» Your instructions: Return, exactly and with nothing added, the line with "トップのボンボンも程よいボリ" together with all lines after it through the end of the data below. No pictures belong in the copy.

» Material for the task:
——————————

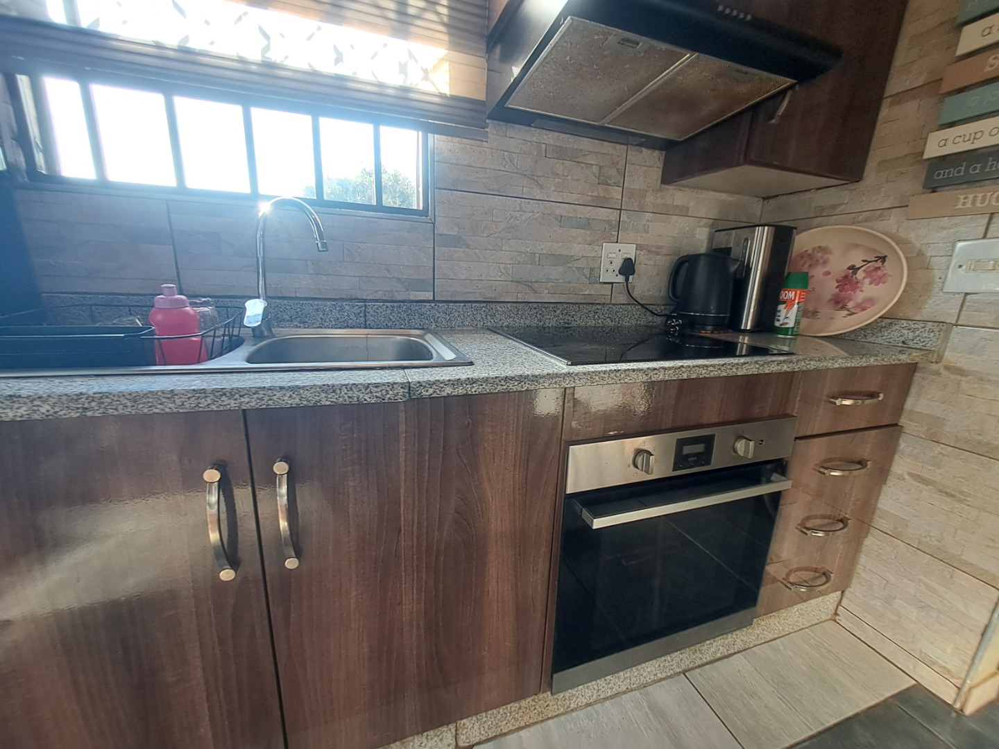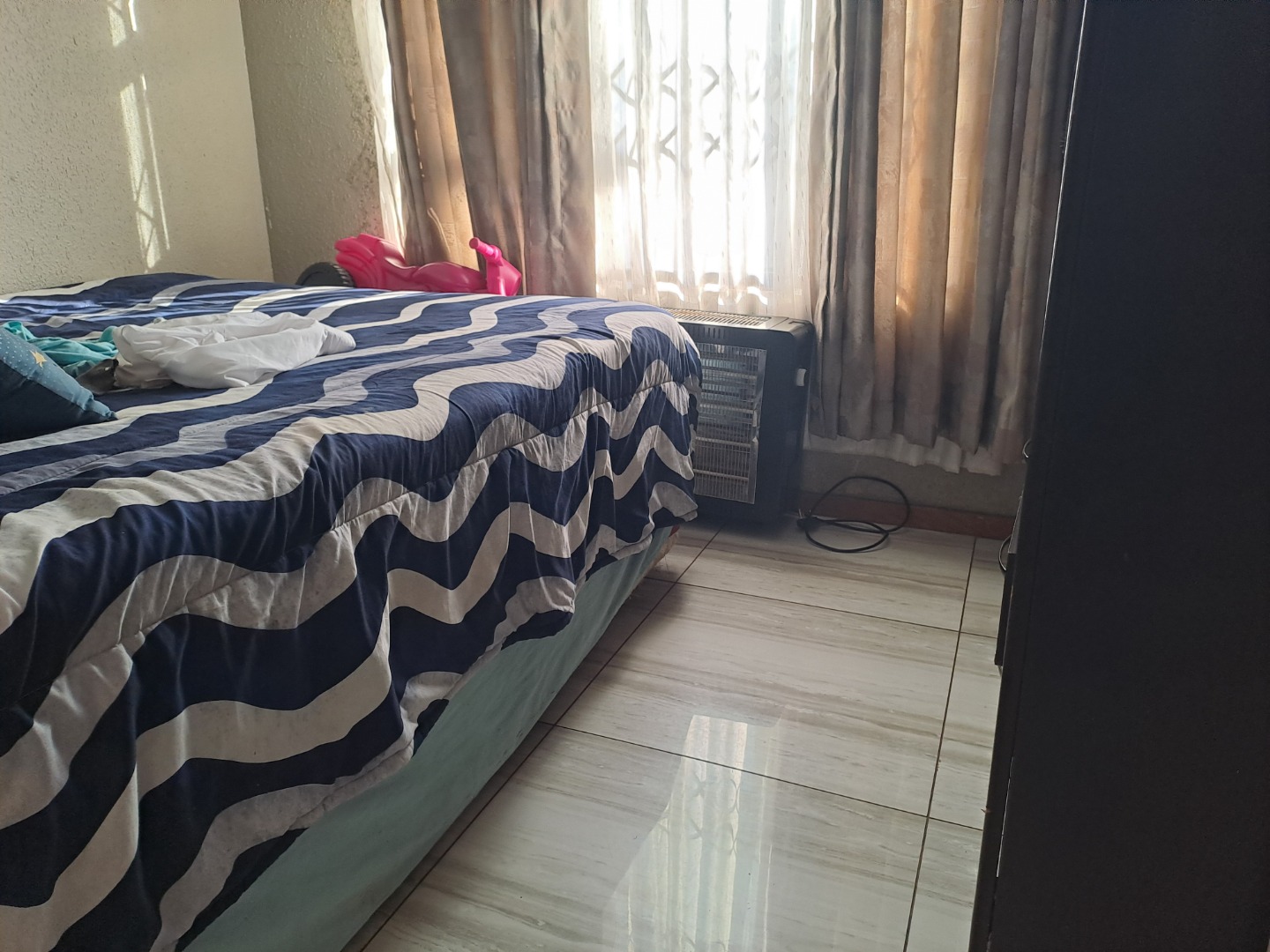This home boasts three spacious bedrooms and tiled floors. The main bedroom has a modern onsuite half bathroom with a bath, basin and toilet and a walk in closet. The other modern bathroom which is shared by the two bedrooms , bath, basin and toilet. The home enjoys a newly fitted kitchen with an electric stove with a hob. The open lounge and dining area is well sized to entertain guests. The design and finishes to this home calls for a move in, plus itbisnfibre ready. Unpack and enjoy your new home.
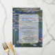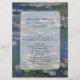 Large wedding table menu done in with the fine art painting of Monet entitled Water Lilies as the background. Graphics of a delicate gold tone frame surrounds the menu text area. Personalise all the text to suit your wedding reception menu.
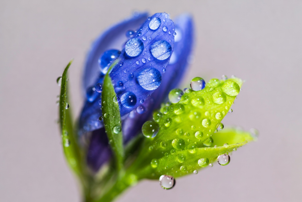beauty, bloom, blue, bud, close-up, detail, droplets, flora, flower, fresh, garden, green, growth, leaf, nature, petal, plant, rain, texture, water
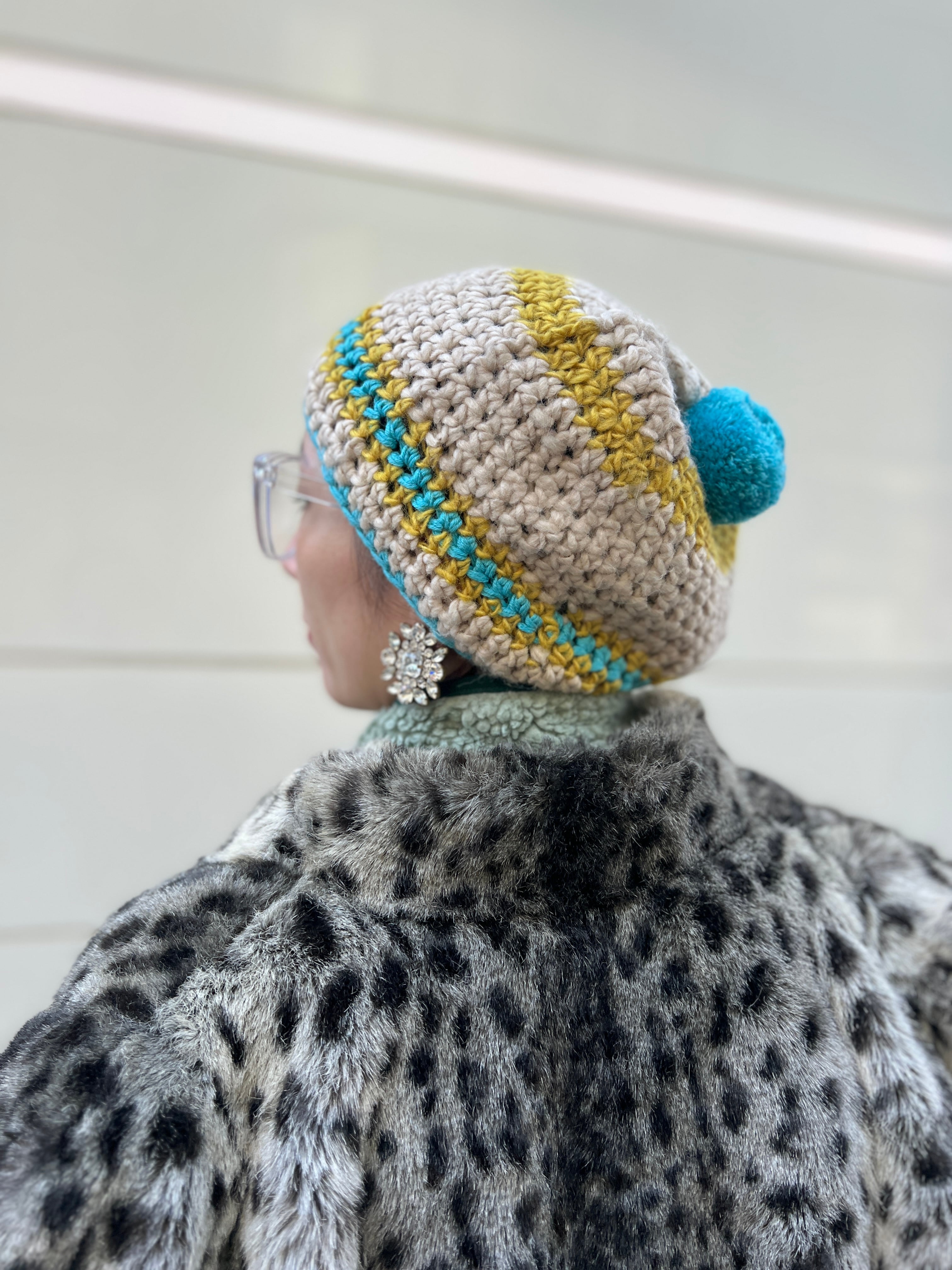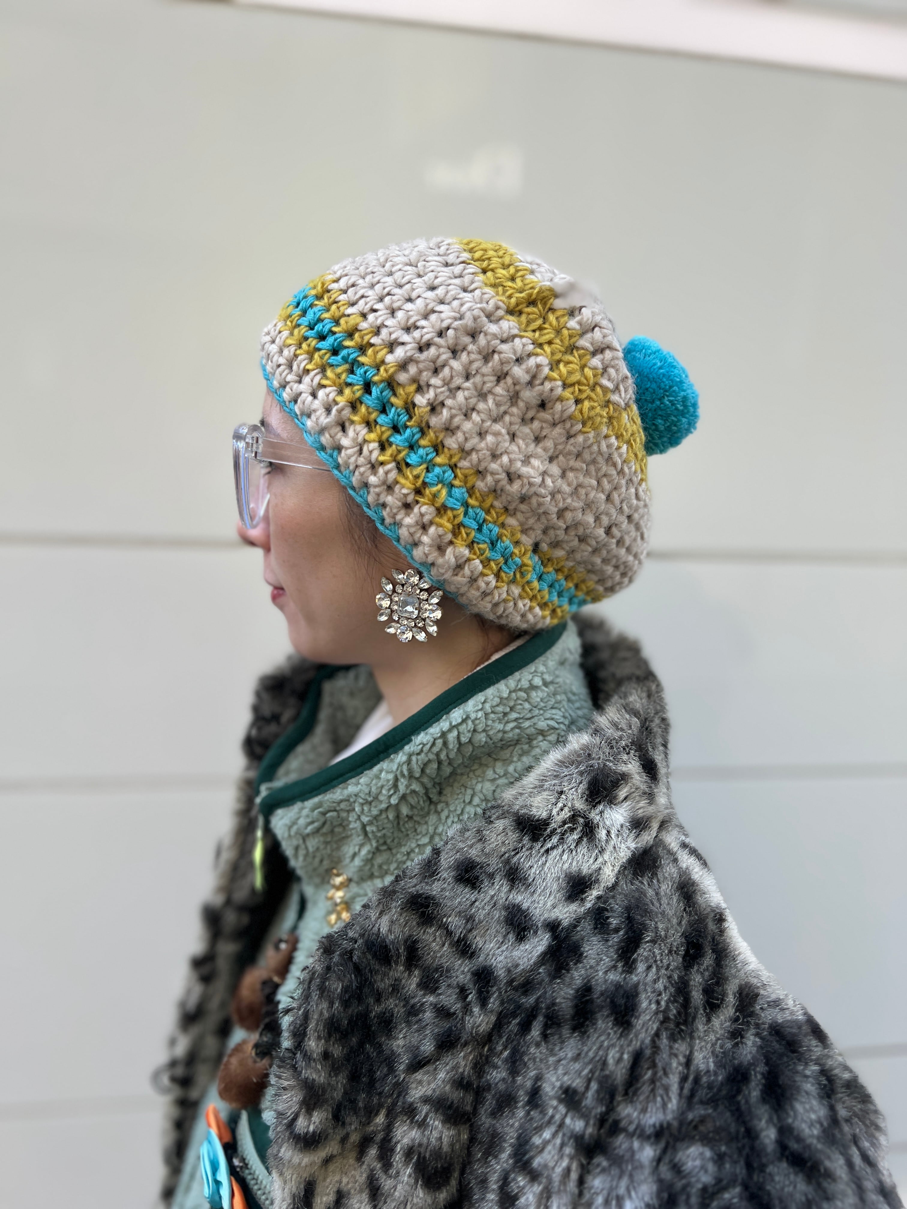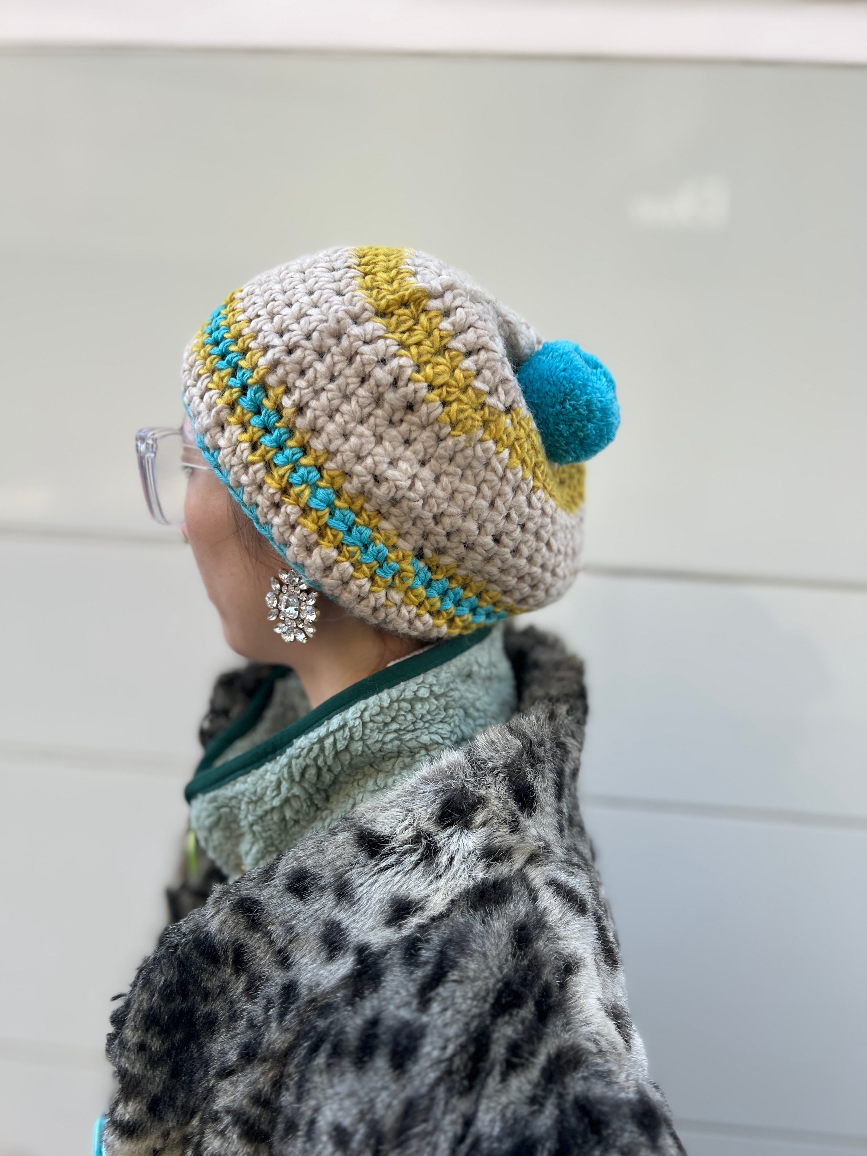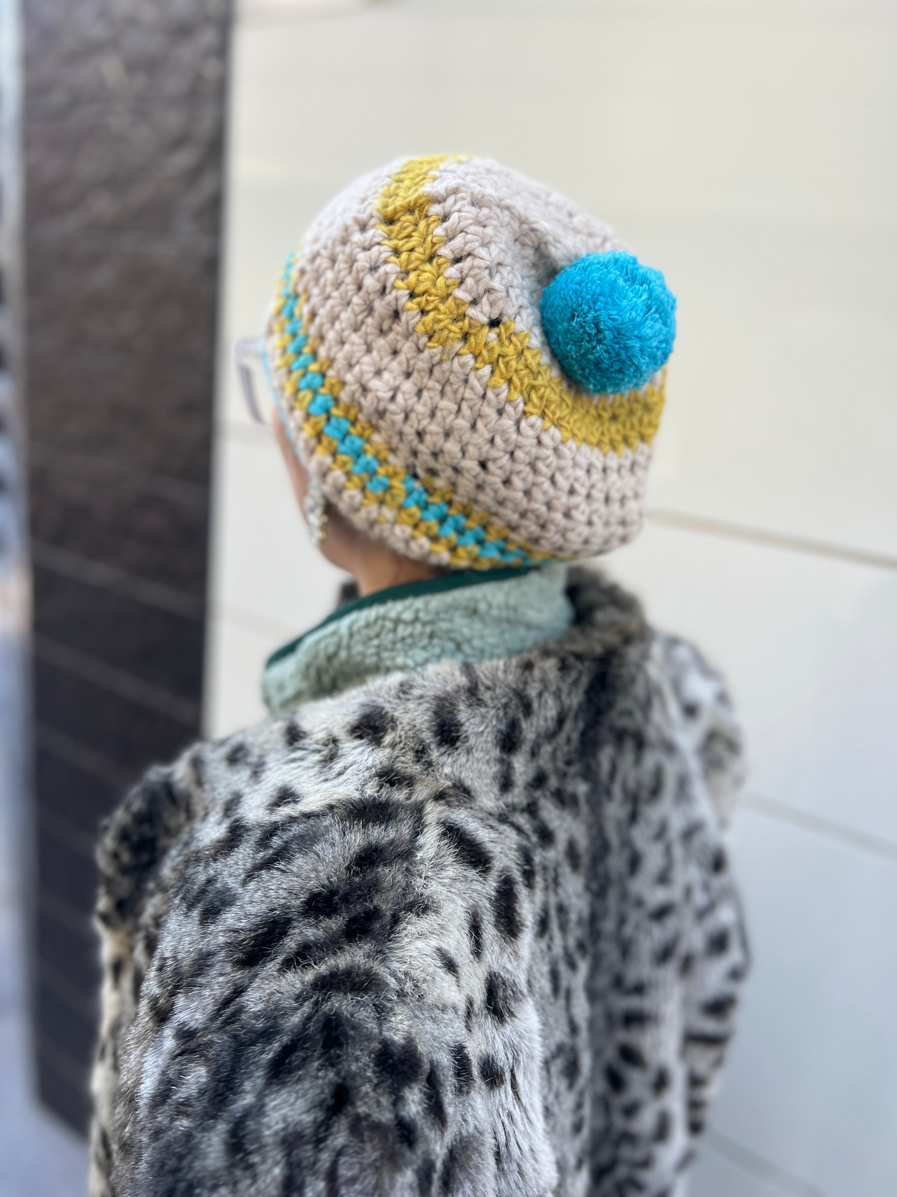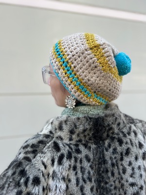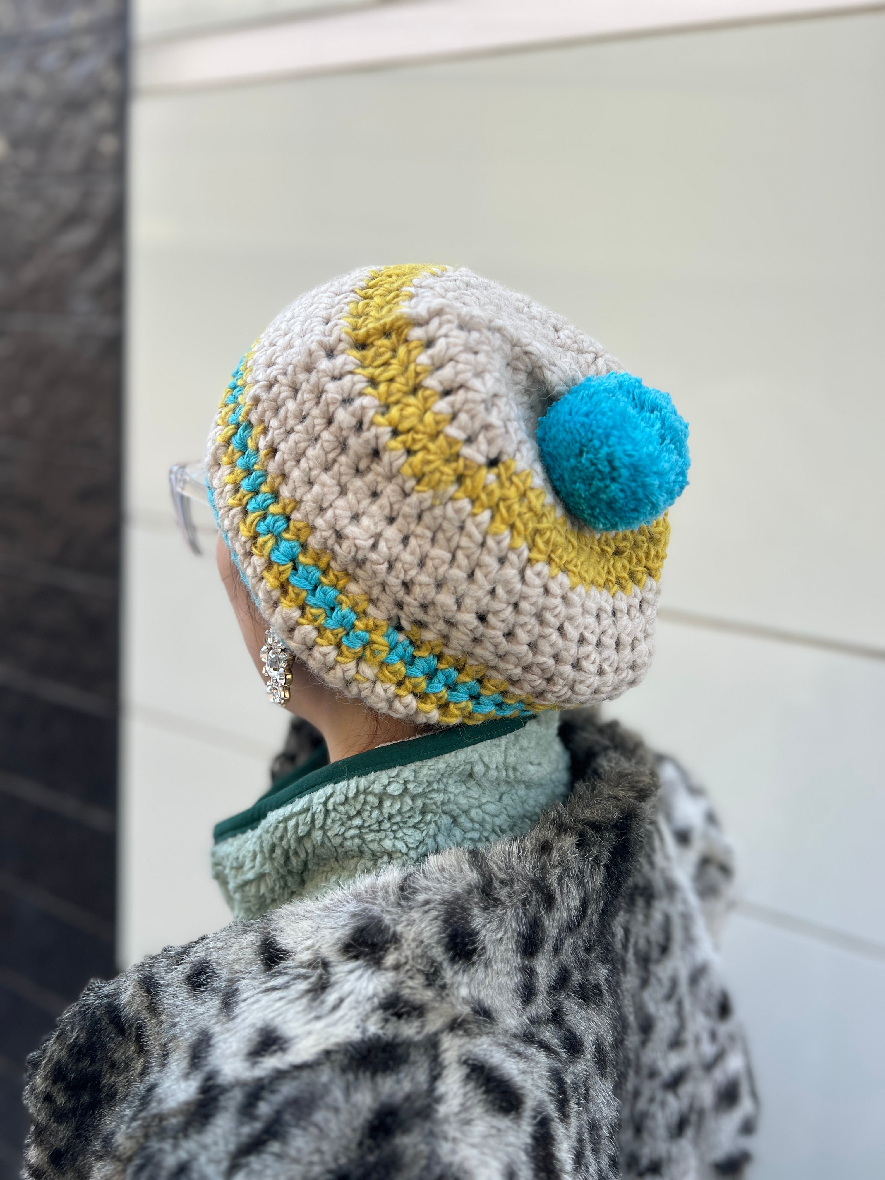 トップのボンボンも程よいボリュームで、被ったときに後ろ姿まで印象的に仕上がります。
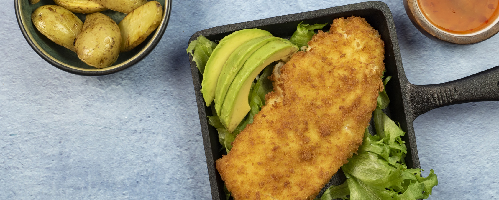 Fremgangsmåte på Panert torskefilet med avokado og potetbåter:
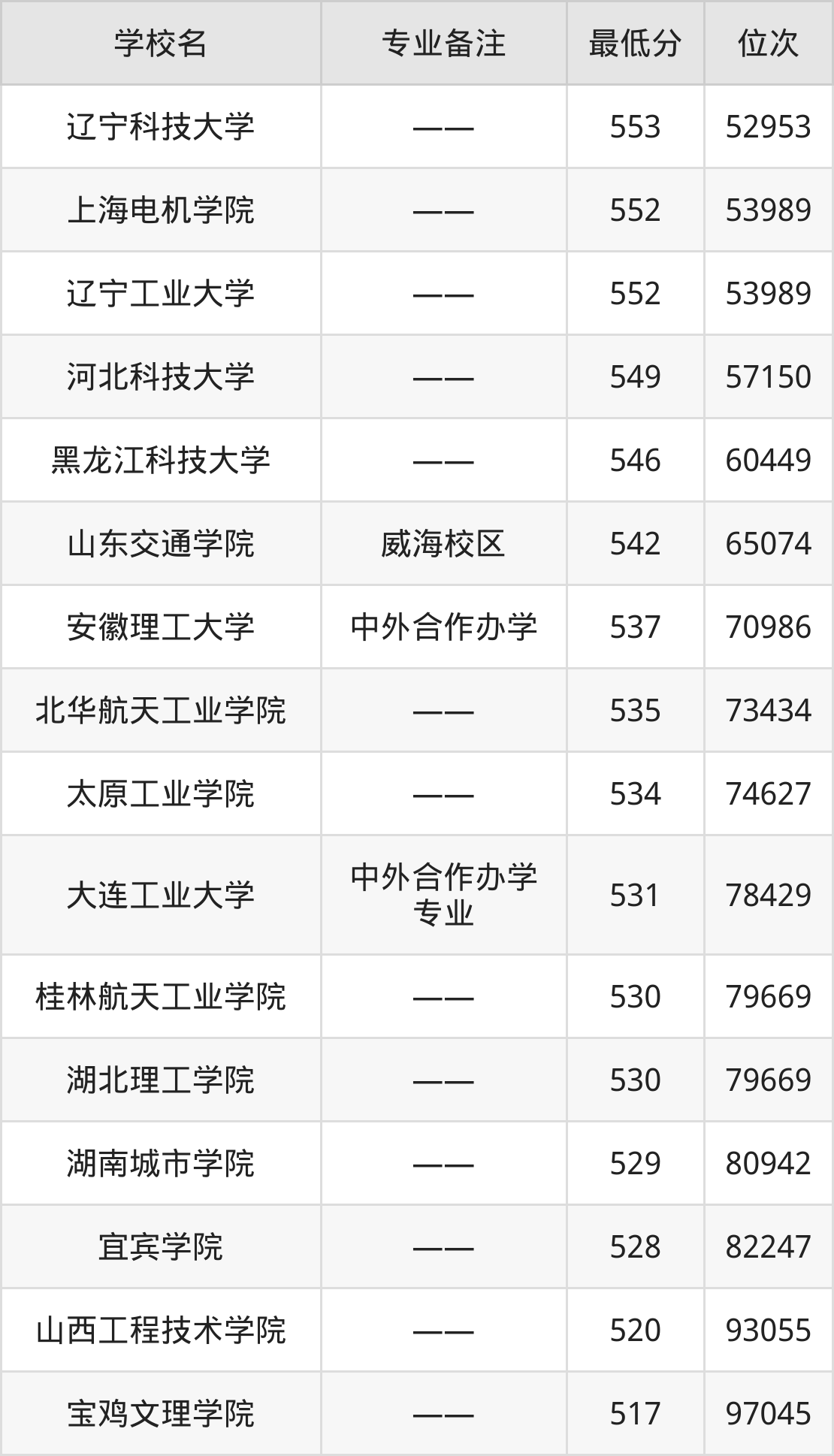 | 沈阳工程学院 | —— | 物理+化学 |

——————————

» Answer below:
 トップのボンボンも程よいボリュームで、被ったときに後ろ姿まで印象的に仕上がります。
 Fremgangsmåte på Panert torskefilet med avokado og potetbåter:
 | 沈阳工程学院 | —— | 物理+化学 |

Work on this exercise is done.